- **Instructions for the task**: Only the pictures are to be left out; return the rest of the data exactly as it stands.

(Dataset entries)
···

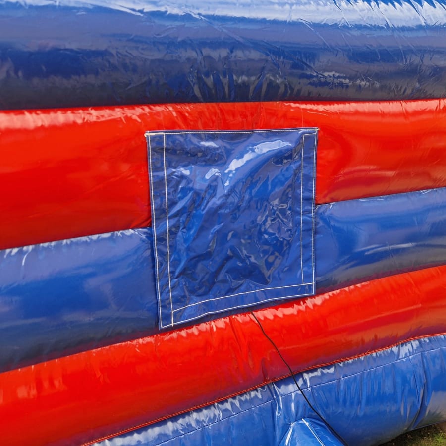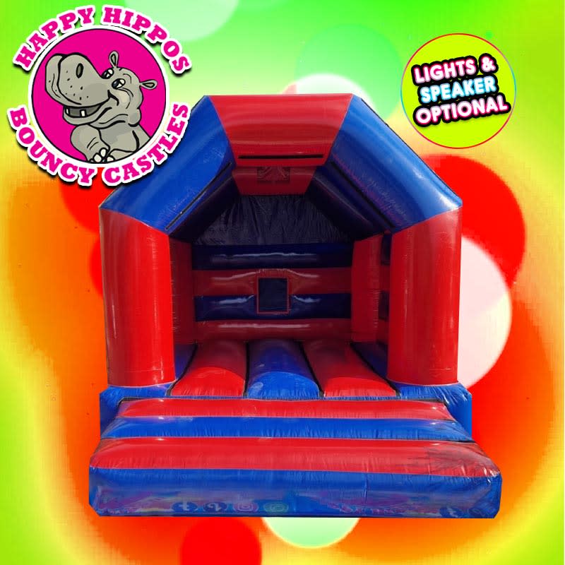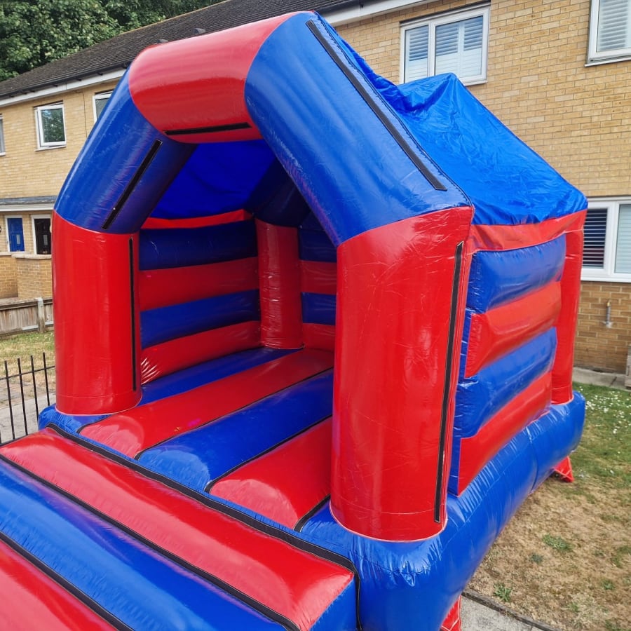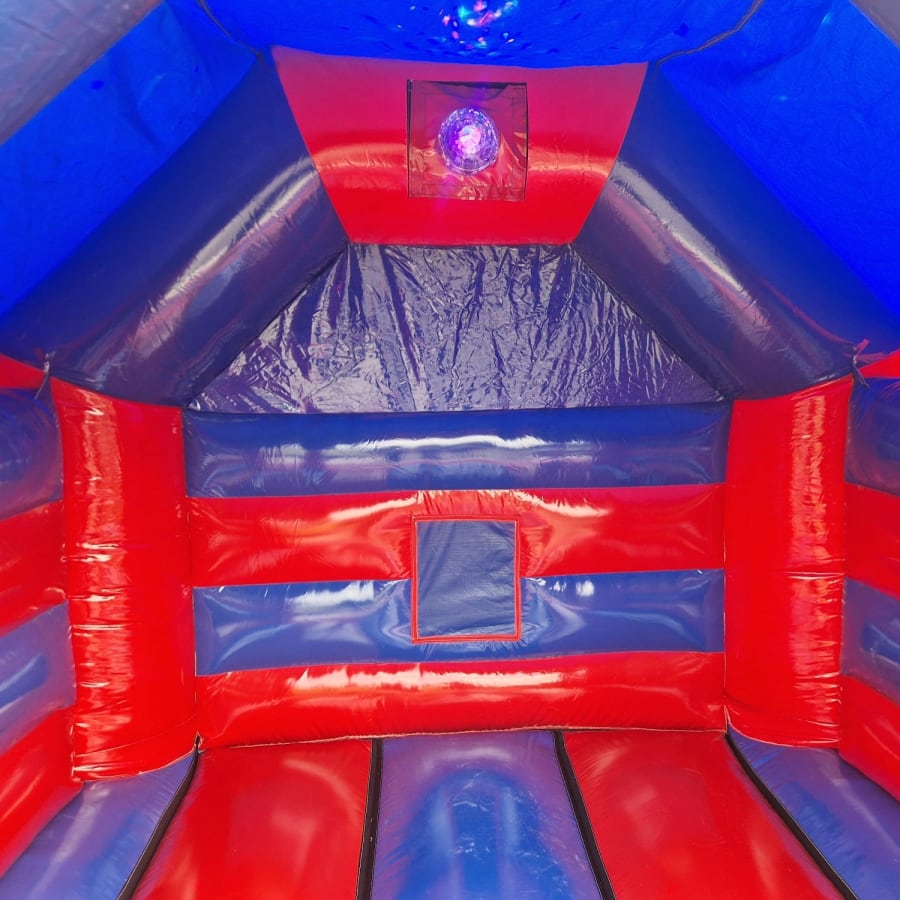 Our amazing 14ft x 12ft Bloe & Red Glossy bouncy castle is made with bright & vibrant colours with a stunning glossy finish. This castle is new for 2025!. This castle has an option to make it disco ready with lights & speaker for an extra £25.
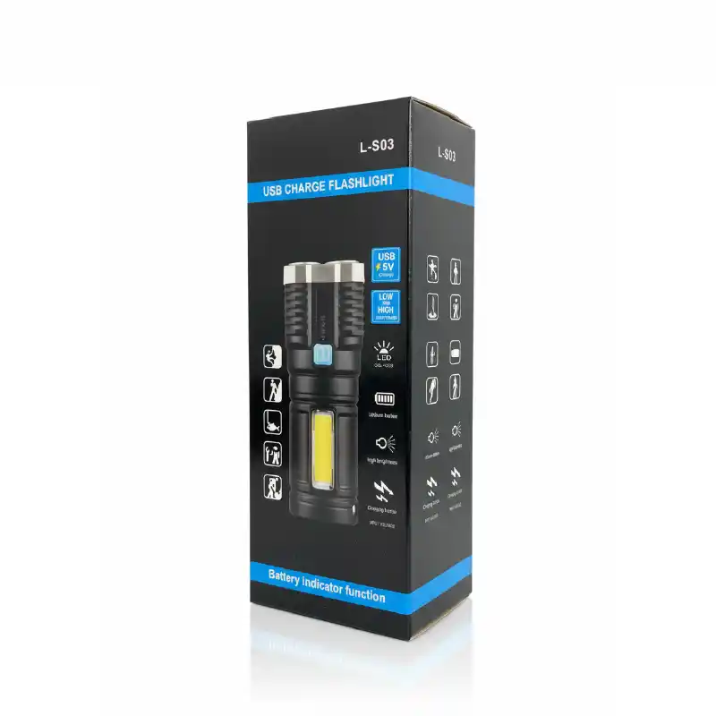 La lámpara de mano recargable proporciona iluminación potente y confiable sin depender de pilas desechables. Su batería recargable permite un uso prolongado, y su diseño compacto y ergonómico facilita transportarla y utilizarla en interiores, exteriores o situaciones de emergencia.
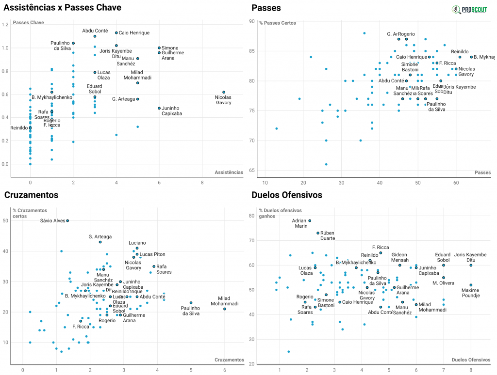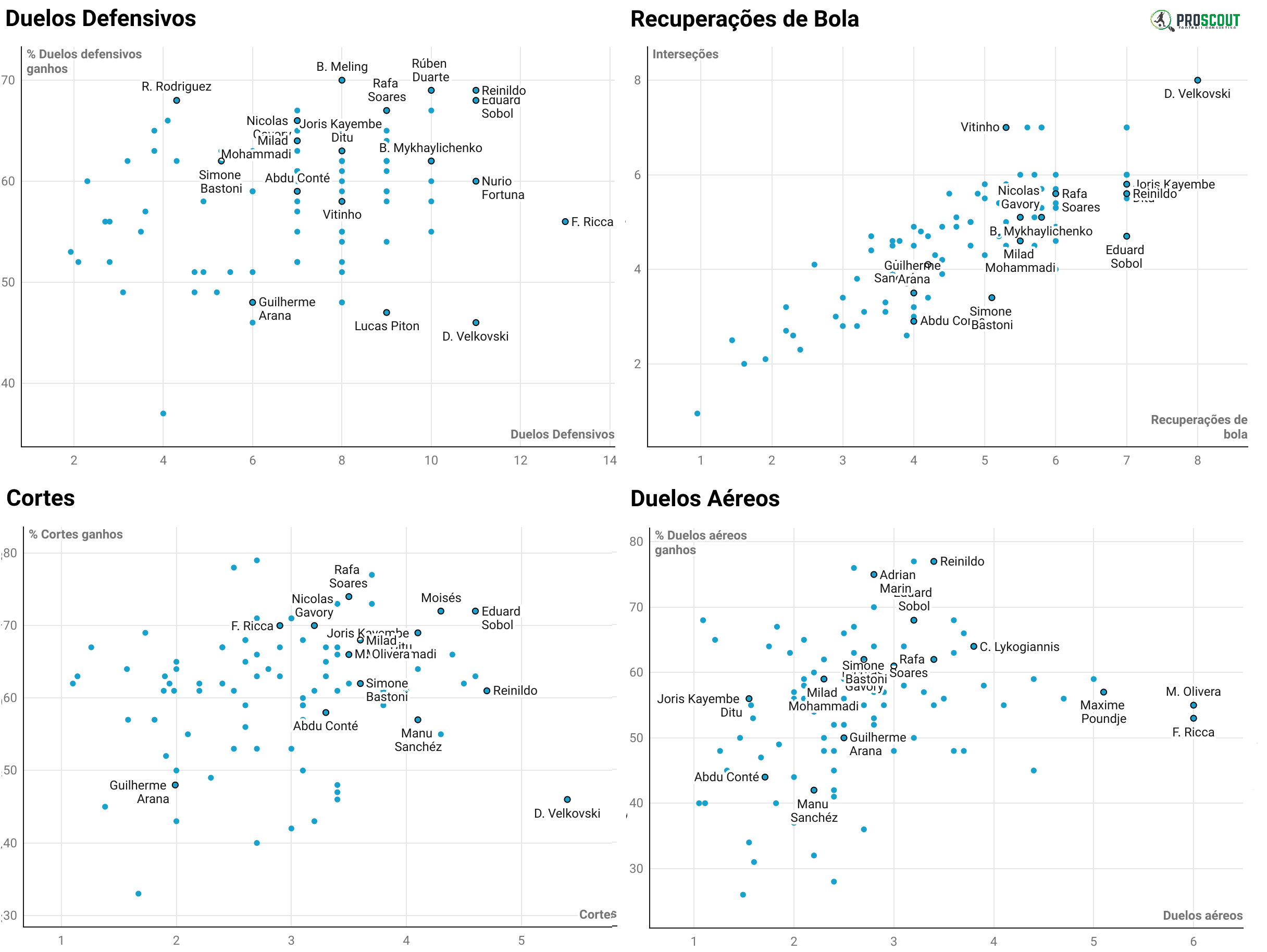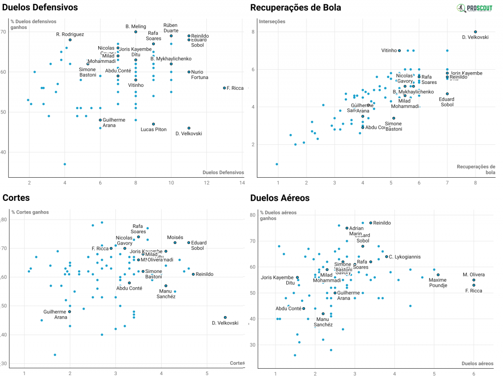 O dado apresentado nos quatro gráficos da imagem em baixo permite-nos perceber quais jogadores se destacam mais ou menos nos parâmetros defensivos.
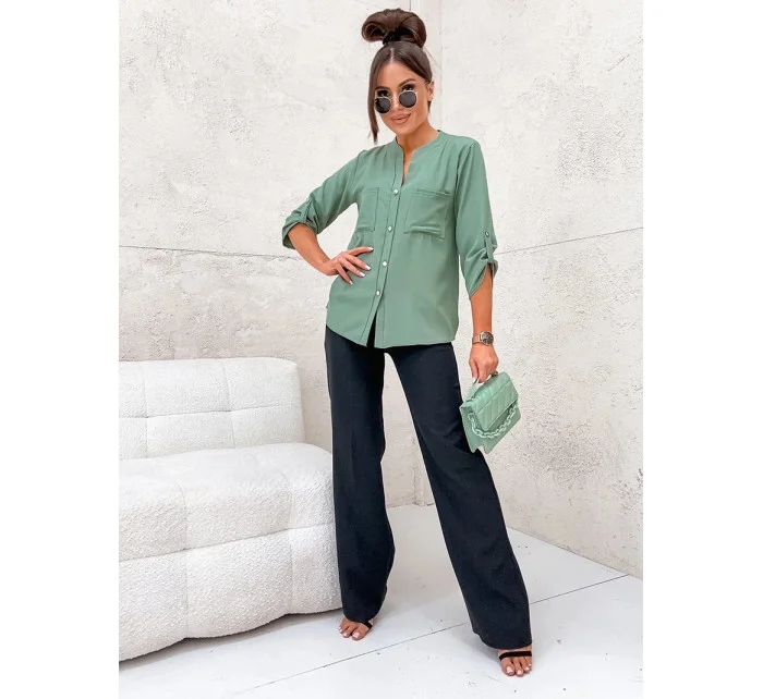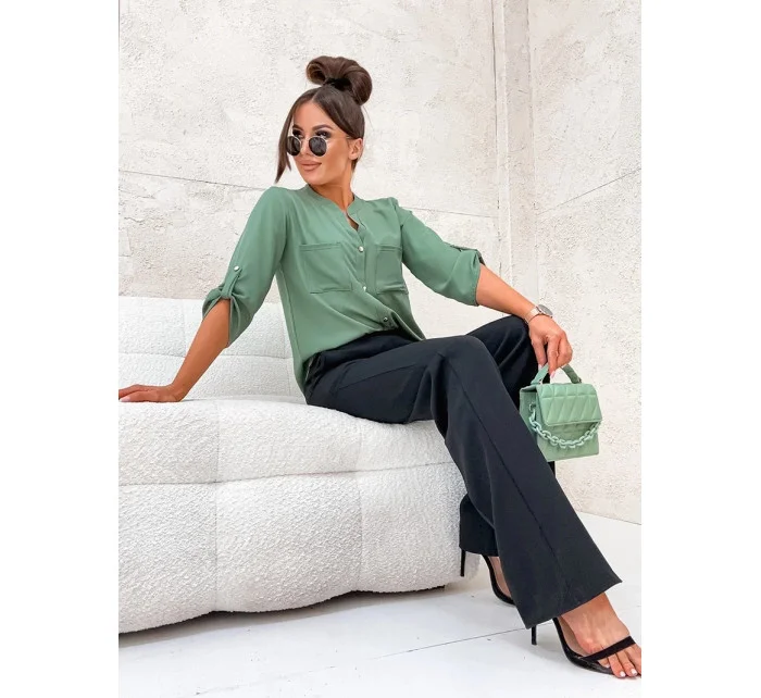 Košilová halenka v khaki barvě se stojáčkem model 19764080 - Moon
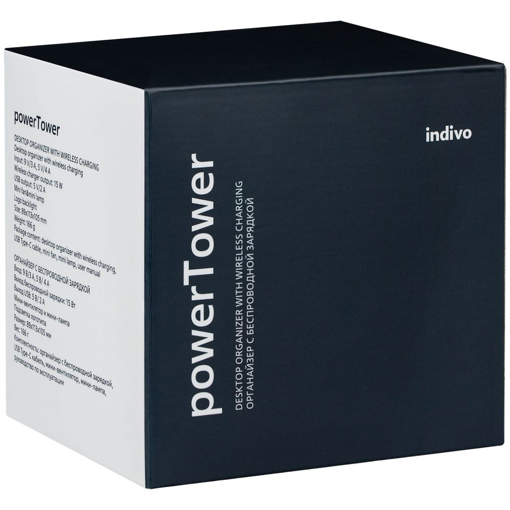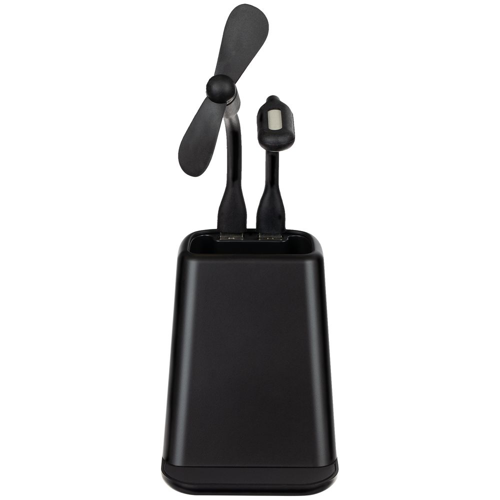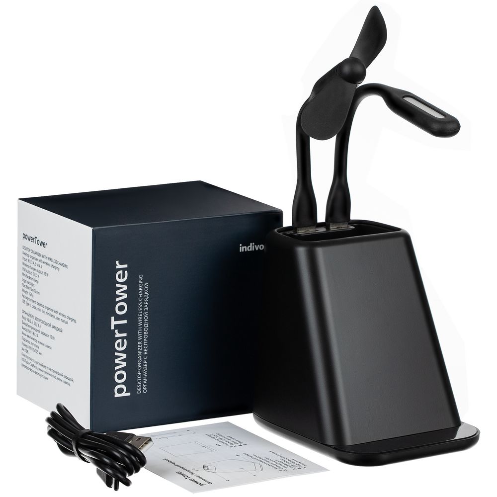 Настольный органайзер с зарядкой, лампой и вентилятором powerTower, черный купить оптом и в розницу с нанесением логотипа в Москве
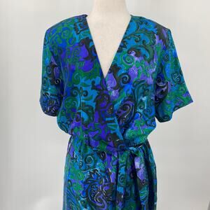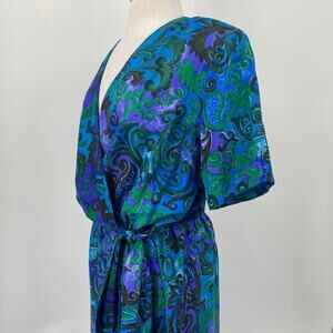 Keywords: vtg retro 1980s eighties 1970s seventies 70s 1990s nineties 90s colorful vibrant bold chic classy classic wrapdress elegant sophisticated feminine silky lightweight artsy artistic floral paisley geometric geo pattern patterned print cobalt blue purple silky western flattering blouson fit and flare sundress tie waist scarf
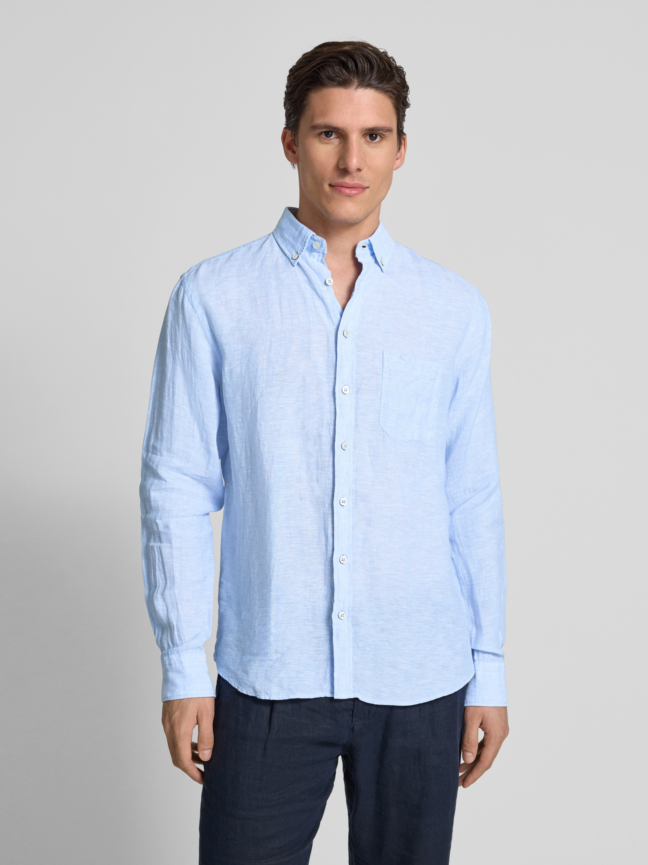 Fynch-HattonRegular Fit Leinenhemd mit Button-Down-Kragen in hellblau
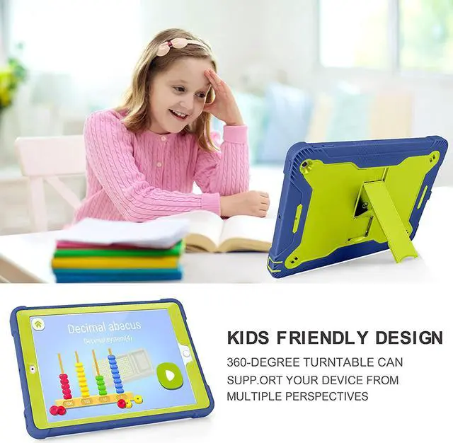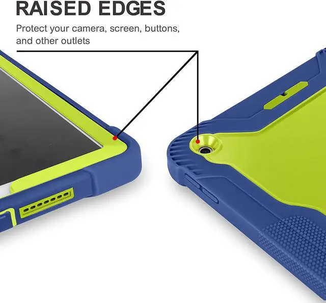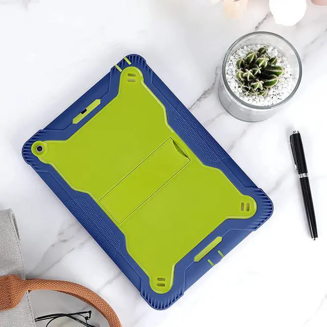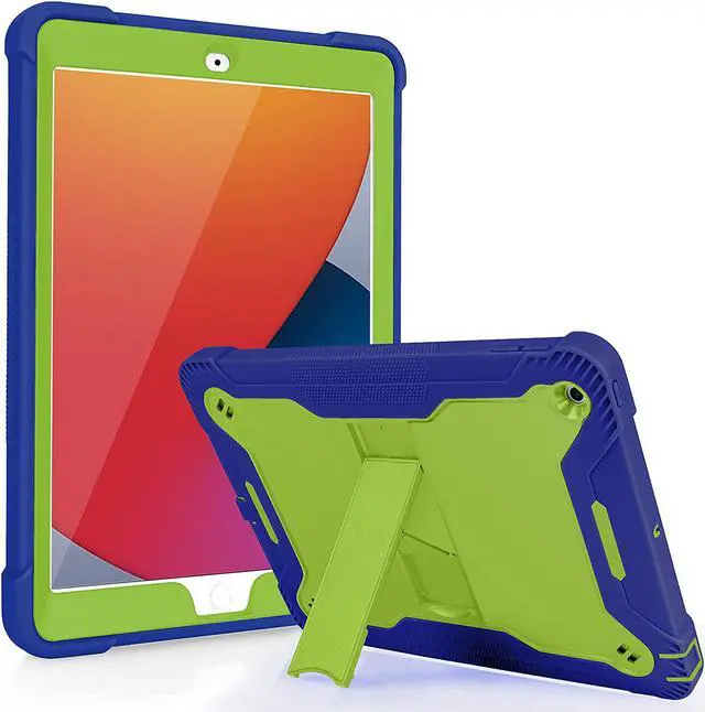 iPad 7th 8th Case, Heavy Duty Rugged Bumper Dual-Layer Protection Cover with Kickstand for Apple iPad 10.2" 7th 8th Gen 2019/2020 [Lime Green in / Dark Blue Out]

···

- **Expected output**:
 Our amazing 14ft x 12ft Bloe & Red Glossy bouncy castle is made with bright & vibrant colours with a stunning glossy finish. This castle is new for 2025!. This castle has an option to make it disco ready with lights & speaker for an extra £25.
 La lámpara de mano recargable proporciona iluminación potente y confiable sin depender de pilas desechables. Su batería recargable permite un uso prolongado, y su diseño compacto y ergonómico facilita transportarla y utilizarla en interiores, exteriores o situaciones de emergencia.
 O dado apresentado nos quatro gráficos da imagem em baixo permite-nos perceber quais jogadores se destacam mais ou menos nos parâmetros defensivos.
 Košilová halenka v khaki barvě se stojáčkem model 19764080 - Moon
 Настольный органайзер с зарядкой, лампой и вентилятором powerTower, черный купить оптом и в розницу с нанесением логотипа в Москве
 Keywords: vtg retro 1980s eighties 1970s seventies 70s 1990s nineties 90s colorful vibrant bold chic classy classic wrapdress elegant sophisticated feminine silky lightweight artsy artistic floral paisley geometric geo pattern patterned print cobalt blue purple silky western flattering blouson fit and flare sundress tie waist scarf
 Fynch-HattonRegular Fit Leinenhemd mit Button-Down-Kragen in hellblau
 iPad 7th 8th Case, Heavy Duty Rugged Bumper Dual-Layer Protection Cover with Kickstand for Apple iPad 10.2" 7th 8th Gen 2019/2020 [Lime Green in / Dark Blue Out]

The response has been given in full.